Tamia singles chronology
| "Me" (2007) | "Almost" (2007) | "Beautiful Surprise" (2012) |

= Almost (Tamia song) =

"Almost" is a song by Canadian singer Tamia. It was written and produced by Shep Crawford for the singer's fourth album Between Friends and released as its third and final single in 2007, reaching number 59 on the US Hot R&B/Hip-Hop Songs chart.

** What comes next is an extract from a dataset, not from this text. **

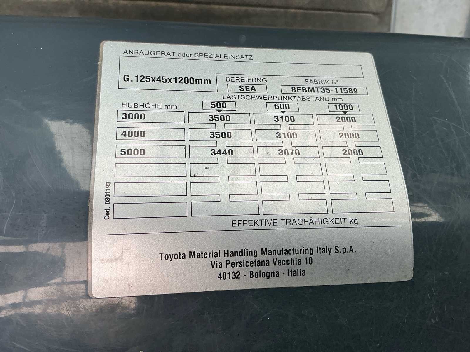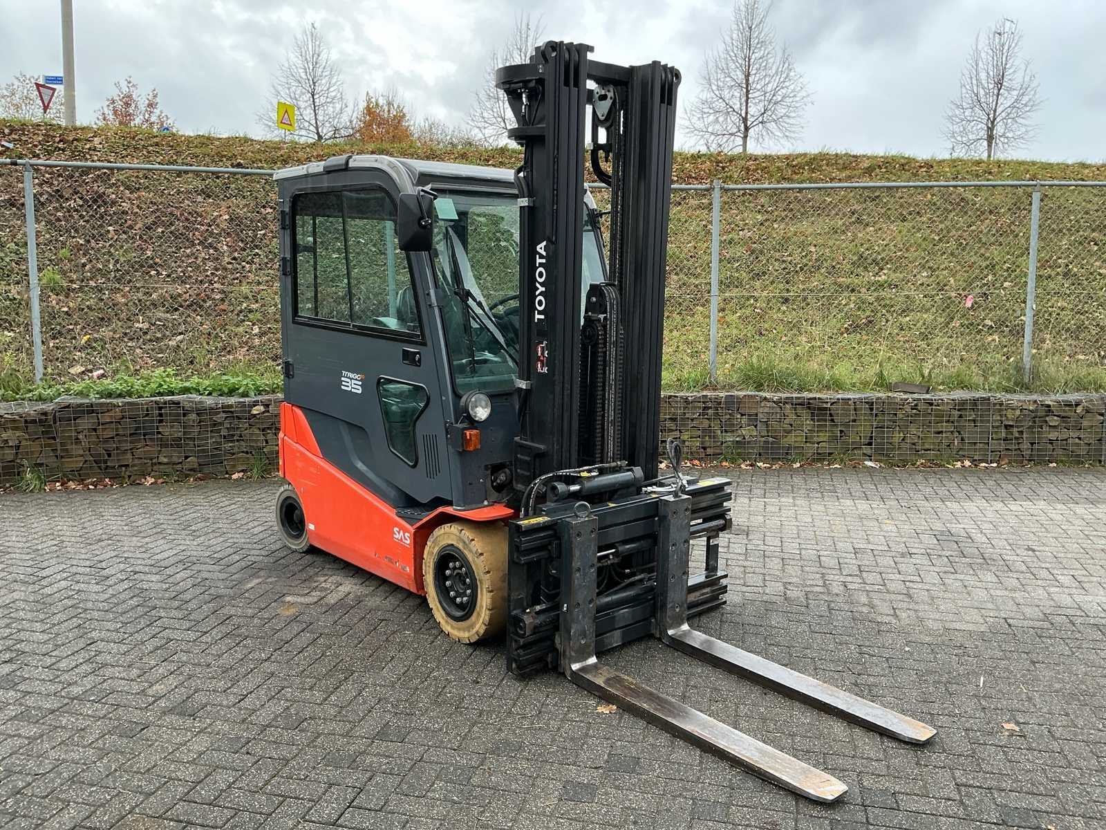 Voorzien van: volrubber non-markant banden, side-shift, hydraulisch verstelbare vorken, ruitenwissers, trekhaak, verwarmde achterruit, Grammer mechanisch geveerde stoel, mini-lever bediening, verwarming, noodstop, No Merk: Toyota Type: 8FBMT35 Bouwjaar: 2017 Serienummer: 8FBMT36-11589 Brandstof: Elektrisch Mast: Triplex Soort band: Volrubber Aantal wielen: 4 Afgelezen urenstand: 1602 Side-shift: true Hydraulisch verstelbare lepels: true Triple mast: true Eigen gewicht: 6335kg Hefvermogen: 3500kg Lepellengte: 1200mm Vol rubber banden: true Minimale doorrijhoogte: 2600mm Totale afmeting L: 3800mm Totale afmeting Breedte: 1350mm Totale afmeting Hoogte: 2600mm

The music video for the song was directed by Margaret Malandruccolo, who also shot the video for Tamia's previous single "Me".

==Track listing==

CD single
| No. | Title | Length |
|---|---|---|
| 1. | "Almost" (album version) | 3:41 |
| 2. | "Almost" (instrumental) | 3:41 |

== Credits and personnel ==
Credits adapted from the liner notes of Between Friends.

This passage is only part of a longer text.